1. What Are Transformers?
Transformers are deep learning models that use a mechanism called self-attention to understand which parts of the input are important.
Unlike older models such as RNNs and LSTMs:
- Transformers do not read data one step at a time
- They look at the entire sequence at once
- They focus attention on the most important words or parts
This makes Transformers fast, powerful, and extremely accurate.
2. Self-Attention Mechanism
Self-attention is the heart of a transformer.
Simple Explanation
Imagine you are reading this sentence:
"The cat sat on the mat because it was tired."
To understand the word "it", your brain looks back and realizes "it" refers to the cat.
Transformers do the same using self-attention.
They find connections between words, no matter how far apart they are.
Why Self-Attention Is Powerful
- It can understand long sentences
- It can focus on important words
- It works in parallel → makes training very fast
Analogy
Think of a group project where everyone can instantly talk to everyone else.

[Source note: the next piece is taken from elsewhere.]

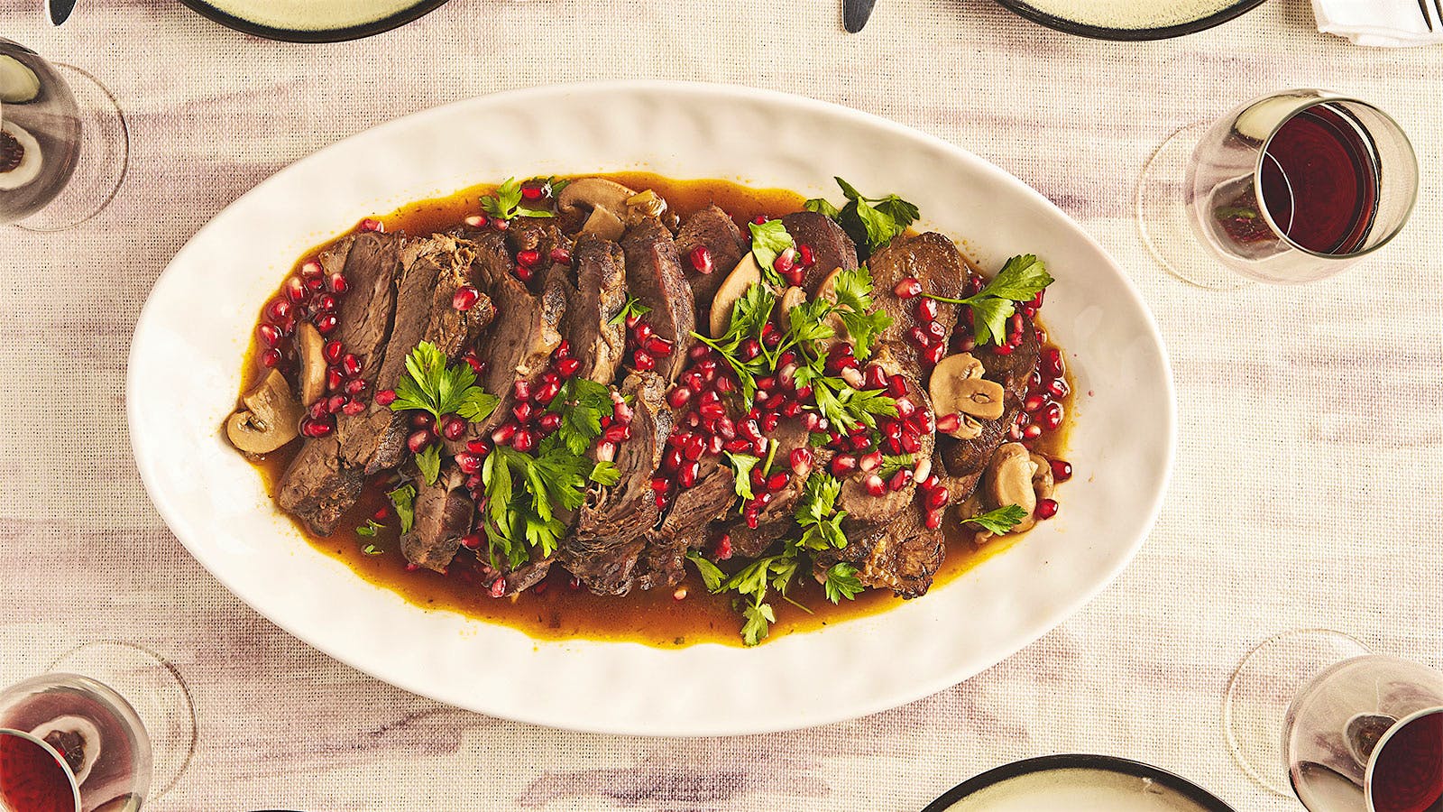 7. Transfer the meat to a cutting board and let rest for 15 minutes. Cut into 1/4 inch-thick (6 millimeter) slices. Serve warm on a platter topped with the sauce, pomegranate seeds and fresh thyme. Makes 8 to 10 servings

This is how self-attention works — every word talks to every other word.
✅ Minimal Self-Attention Code (PyTorch)
import torch
import torch.nn.functional as F
# Example: self-attention for a sequence of 4 tokens
x = torch.rand(4, 8) # 4 tokens, each with 8 features
# Weight matrices
W_q = torch.rand(8, 8)
W_k = torch.rand(8, 8)
W_v = torch.rand(8, 8)
# Compute Q, K, V
Q = x @ W_q
K = x @ W_k
V = x @ W_v
# Attention scores
att_scores = Q @ K.T
att_weights = F.softmax(att_scores, dim=-1)
# Output
output = att_weights @ V
print(output.shape)3. Encoder–Decoder Architecture
Transformers originally used two parts:
A. Encoder
- Reads input
- Understands meaning
- Generates features
Used in BERT, Vision Transformers, etc.
B. Decoder
- Takes encoder output
- Generates predictions (words, images, etc.)
Used in GPT, translation models, etc.
Example: English → French Translation
| Encoder | Decoder |
|---|---|
| Reads English sentence | Generates French sentence |
The encoder learns what the sentence means.

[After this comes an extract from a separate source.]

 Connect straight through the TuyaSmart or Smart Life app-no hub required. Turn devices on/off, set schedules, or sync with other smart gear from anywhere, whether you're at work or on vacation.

The decoder learns how to express it in the target language.
4. BERT (Bidirectional Encoder Representations from Transformers)

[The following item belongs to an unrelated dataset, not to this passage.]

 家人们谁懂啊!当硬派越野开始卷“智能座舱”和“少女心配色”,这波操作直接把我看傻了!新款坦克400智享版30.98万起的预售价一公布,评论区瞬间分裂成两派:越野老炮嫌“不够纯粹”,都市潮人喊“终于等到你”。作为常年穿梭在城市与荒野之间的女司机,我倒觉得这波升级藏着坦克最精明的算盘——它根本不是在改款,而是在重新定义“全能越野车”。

BERT is a popular encoder-only transformer.
Why It's Special
- Reads text from both directions (left and right)
- Understands deep context
- Excellent for understanding tasks
Used For
- Text classification
- Sentiment analysis
- Question answering
- Named Entity Recognition (NER)
Example
If the text is: "The bank raised interest rates."
BERT understands "bank" = financial bank.
✅ Mini BERT-like Usage Example (HuggingFace)
from transformers import BertTokenizer, BertModel
tokenizer = BertTokenizer.from_pretrained("bert-base-uncased")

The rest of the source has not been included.